Saccharified malted sorghum gowe with sugar (SSaSFs) was accepted by the three consumer segments with high acceptance score (over 6). It looks like a consensual gowe and any barrier for its commercialization for African consumers does not exist. Accordingly, sorghum gowe is more popular in the market than the other types of gowe, and 80.9% of the consumers interviewed commonly consumed this type of gowe. For consumers of group 2, the ideal gowe should have a light texture, without any lump, that is, with a measured viscosity of less than 300 RVU and could be moderately acidic, that is, with a titratable acidity by 2–3% (these values are those of the most acceptable gowe for this group of consumers). It should be noticed that these consumers may also be interested in preparing gowe from maize or from a mixture of sorghum and maize. This study, and particularly consumer segmentation, thus allows to define two types of ideal gowe with common acidity and viscosity specifications but varying in raw material: consensual and traditional one from sorghum and one almost new gowe from maize.

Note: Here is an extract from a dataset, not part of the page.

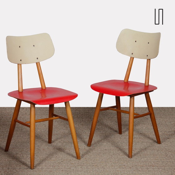 Ein Paar Holzstühle wird von Ton um 1960 in der Tschechischen Republik hergestellt. Die Sitzfläche und die Rückenlehne sind bemalt. Das Set befindet sich in einem Vintage-Zustand. D1406

Concerning the processing conditions, the malting step seems a critical point as its success will impart to the product the light texture and sweet taste expected by consumers. The fermentation step can be adapted to control the preferred acidity level.

All this information will be used to reengineer the process to get one or two products corresponding to the demands of African consumers. This will help enhancing the market of this type of traditional products in urban areas that is for the moment hampered by the poor quality and lack of availability of traditional gowe.